I’ve been going to Grace Community Church my whole life, and was your average “good kid”. I never got into much trouble, knew most answers to questions, and even had contests in sermons with my best friend to see who could write the most notes. But on the inside, I didn’t care at all, my motives weren’t for Christ. I proclaimed to be a Christian, and even although I wasn’t purposely rebelling against Christ, if you are not a child of God, you are an enemy of God. As I grew older, I was able to sin in worse ways, I listened to music I shouldn’t have, I did wrong things on the computer, and had many negative influences. My sin was purposeful, and I enjoyed it; I didn’t care about hiding it. My life was spinning out of control, destined to crash.

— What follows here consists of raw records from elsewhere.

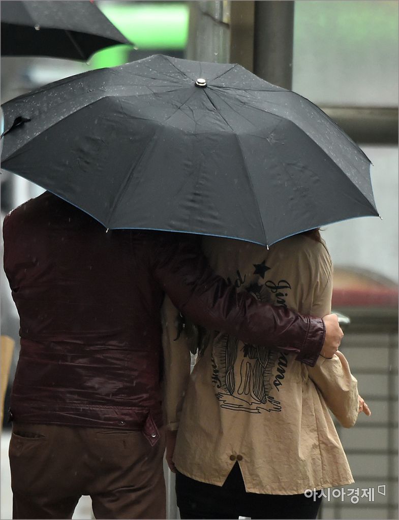 [아시아경제 윤동주 기자] 가을비가 내린 16일 서울 마포구 합정역 부근을 지나는 한 커플이 우산을 쓰고 걸어가고 있다.윤동주 기자 doso7@asiae.co.kr<ⓒ세계를 보는 창 경제를 보는 눈, 아시아경제(www.asiae.co.kr) 무단전재 배포금지>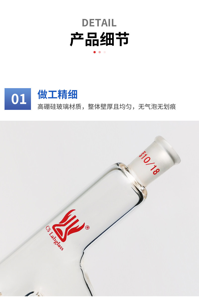 天津诚盛带刺蒸馏头标准磨口化工化学实验室玻璃仪器耗材高硼硅 上磨口10/18 下磨口24/40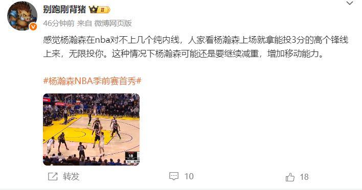 上半場楊瀚森1中0拿0分1籃板1助攻2失誤,媒體人:感覺楊瀚森在NBA對不上幾個純內線,人家看楊瀚森被換下來就讓能投三分的高個上來無限投手,這種情況下楊瀚森需要繼續減重增加移動能力。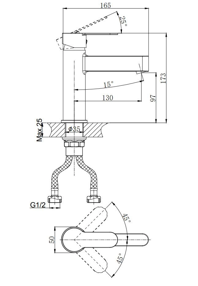 • Картридж с керамическими пластинами D-35 • Пластиковый аэратор с нержавеющим корпусом • Универсальная присоединительная группа для установки на горизонтальную поверхность • Гибкая подводка с латунными гайками 40 см -2шт. • Металлическая ручка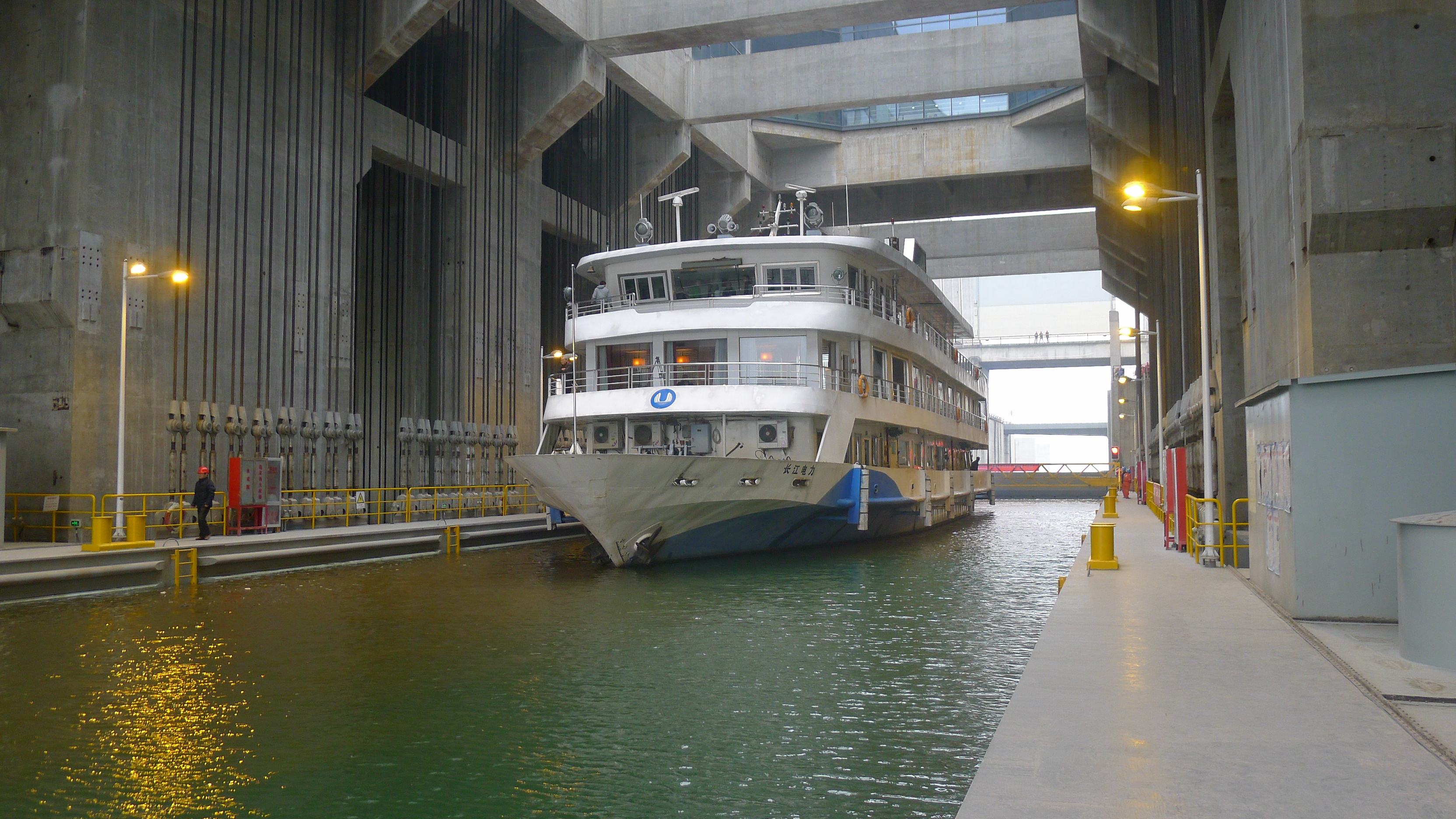 船舶如果要順暢往返于上下游,就必須通過三峽樞紐工程的雙線五級(jí)梯級(jí)船閘或垂直升船機(jī)。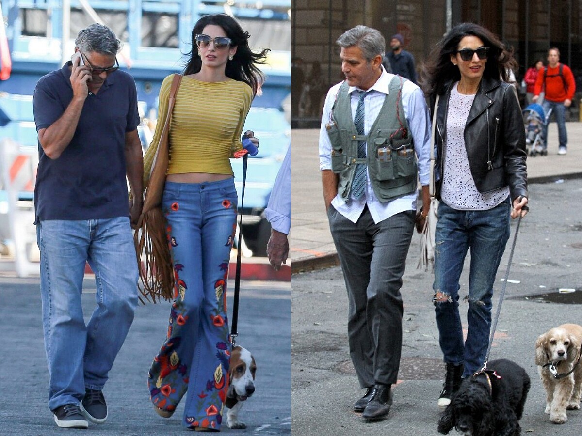 熱愛狗狗的Clooney夫妻檔,私底下在帶他們出門散步時也依舊時髦有型!貼身剪裁的黃色橫條紋上衣在Amal Clooney身上不但不顯胖,搭配的刺繡丹寧喇叭褲使整體顯現出70 年代的復古風華; 破損丹寧褲、騎士皮夾克、高筒休閒綁帶鞋,盡顯出Amal Clooney酷帥的一面,而雕花上衣則保留了Amal Clooney本身的優雅,然而George Clooney依舊選擇喜愛的襯衫裝束,只是這回他脫掉西裝外套、換上彷彿FBI的防彈背心,展現玩味態度。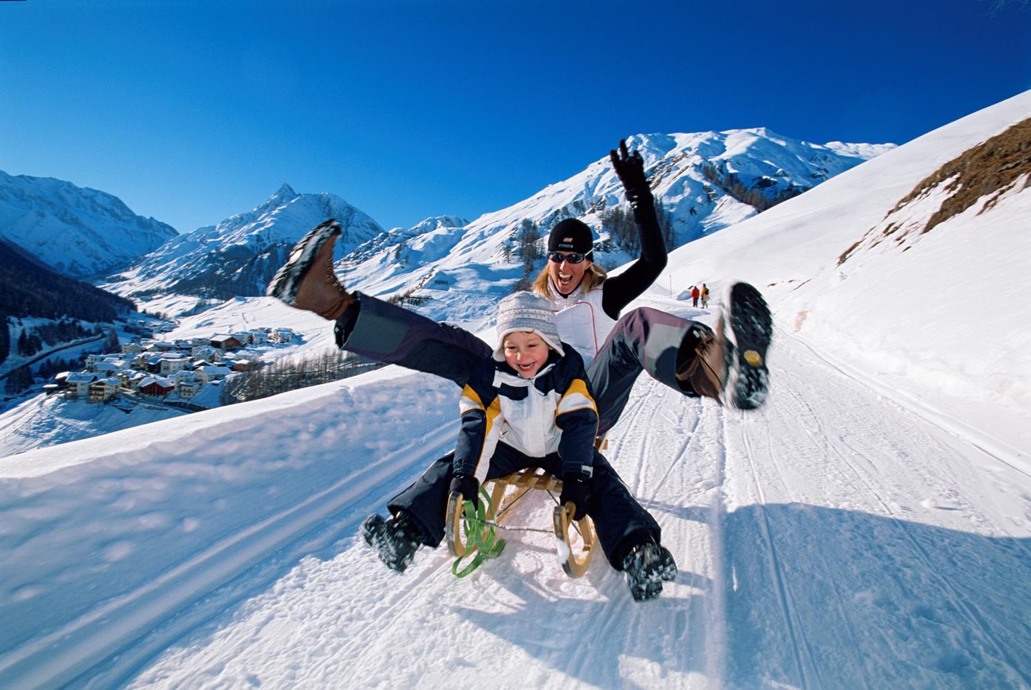 Von Samnaun Dorf laufen die Schlittler rund eine Stunde zum Ausgangspunkt Motta Saltuorn. Von dort rodeln sie im rassigen Tempo zurück ins Dorf. Nebst dem Fahrspass bietet die Naturschlittelbahn wunderbare Ausblicke auf das Samnauntal.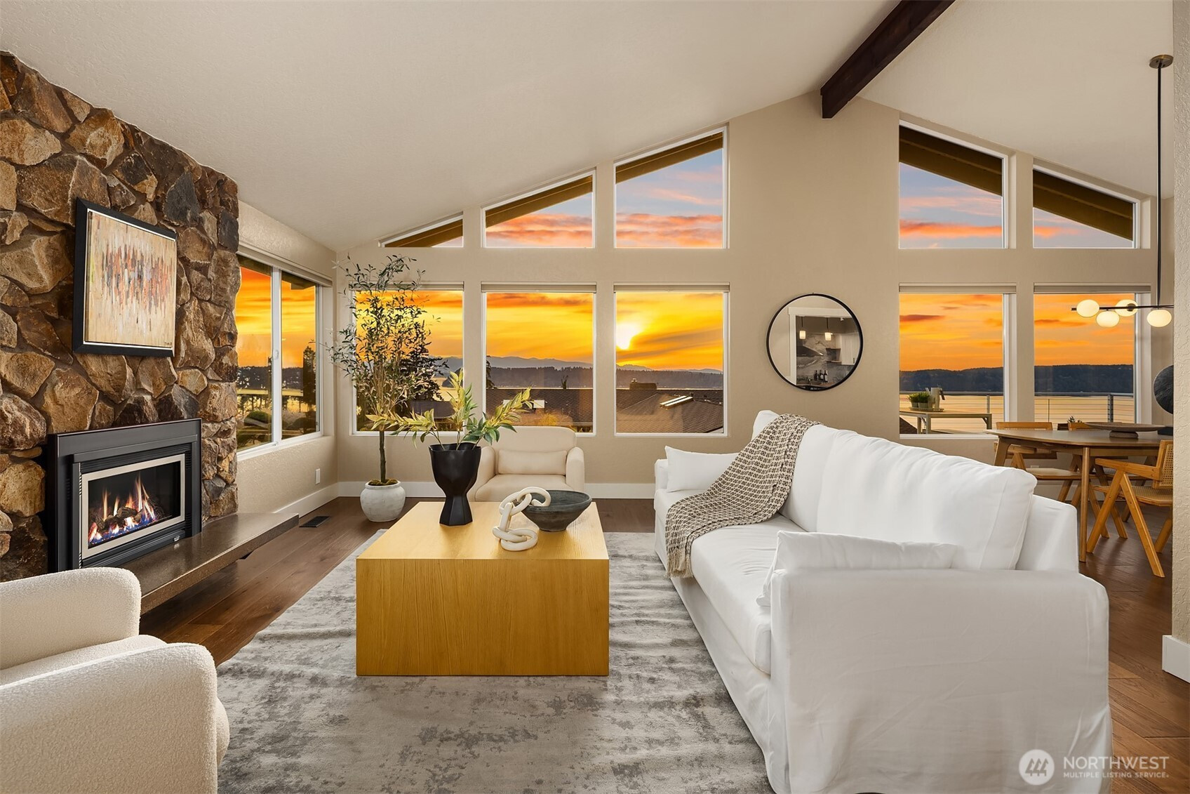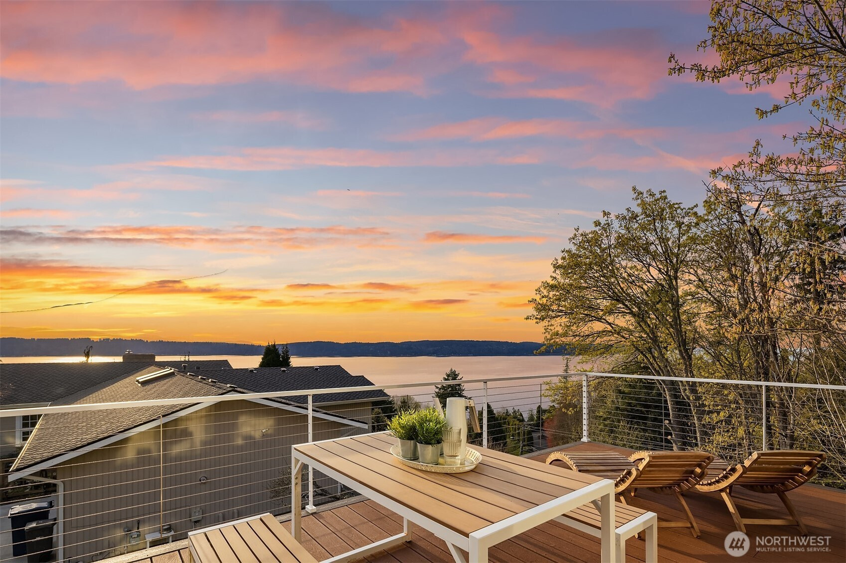 Rare remodeled 5-bedroom, 3-bath home in Olympus Terrace, perched above the Puget Sound with sweeping views of Whidbey Island and the snow-capped Olympic Mountains. Every inch of this home has been updated — arrive and settle in without a project in sight. The 3,000 sq ft layout spans a bright main level and fully finished 1,363 sq ft basement, offering flexible space for every stage of life: home office, media room, guest suite, or all three. Outdoor living is where this property truly shines. An 831 sq ft deck captures the views while a large patio extends your entertaining space at ground level. The yard features a gated garden area with mature fruit trees, manicured grounds, and a dedicated dog run — over half an acre designed for people and pets alike. A separate lower access road reveals even more potential: a natural ADU site already supported by dual 200-amp electrical service, ready for rental income, a guest house, or multigenerational living. Attached two-car garage, forced air heat, and a generous lot with open topography round out a property that balances privacy with convenience. Minutes from Mukilteo's waterfront, lighthouse, ferry terminal, and Paine Field, with access to the highly regarded Mukilteo School District. A fully remodeled view home with ADU potential in one of Mukilteo's most sought-after neighborhoods — this one covers all the bases.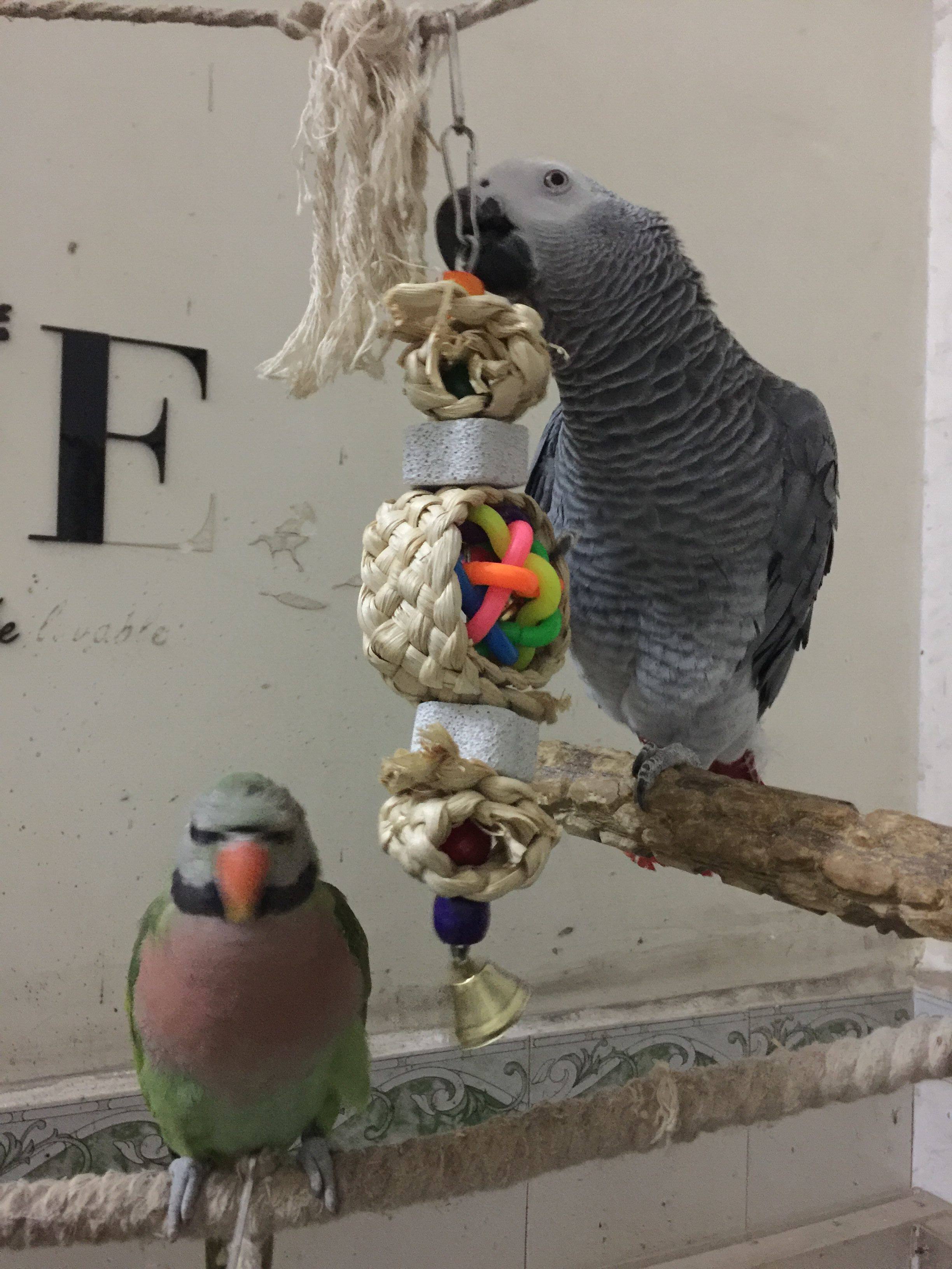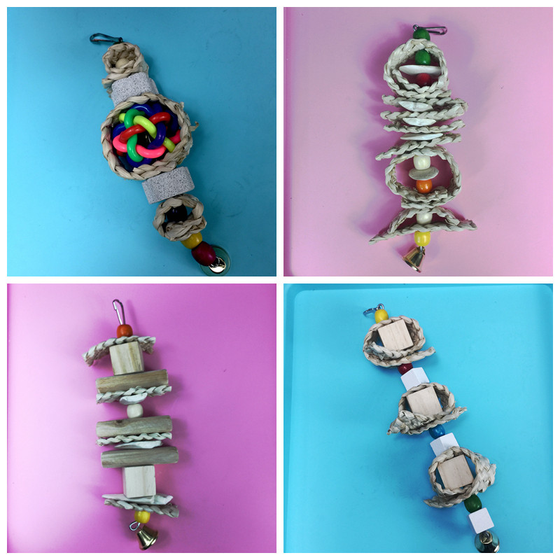 Parrot nibbling with toy ink fish bone corn leaf braided toy grindstone rattan ball toy silk melon to nibble with toy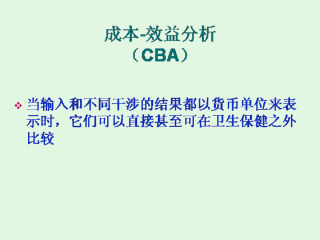 由于这是一个牵涉到社会大多数部门的广泛预防项目,成本和效益以货币单位来定值,从而可和其它的政府项目相比较。

One night in my freshman year of high school, I just couldn’t sleep. I was just lying there, thinking about my sin, the guilt of it was all upon me. I got up to get my dad, and he explained why I was feeling that way. He said I wasn’t a Christian, and told me how to be one. I knew everything he was saying to me, but for the first time, I truly understood it. I realized who I was, a pitiful sinner living for himself in sin, denying God’s invitation to be his son. I realized who God really was, a merciful, just, and holy God who could have, and should have, killed me for any one of the numerous sins I had committed, but loved me in spite of all that, and loved me enough to ask me to be his son. That night I accepted Christ as my personal Lord and Savior, and changes started to happen.
It’s not that I immediately stopped sinning; the battle against sin only began. I now had Christ on my side, and could resist temptation. My life was altered in many ways. I turned away from the sinful things I had been doing, had desires to read my bible, to do what I knew in my heart was right.
Now, I still struggle with sin and the desire to be holy, but as Philippians 4:13 says, I can do all things through Christ who strengthens me.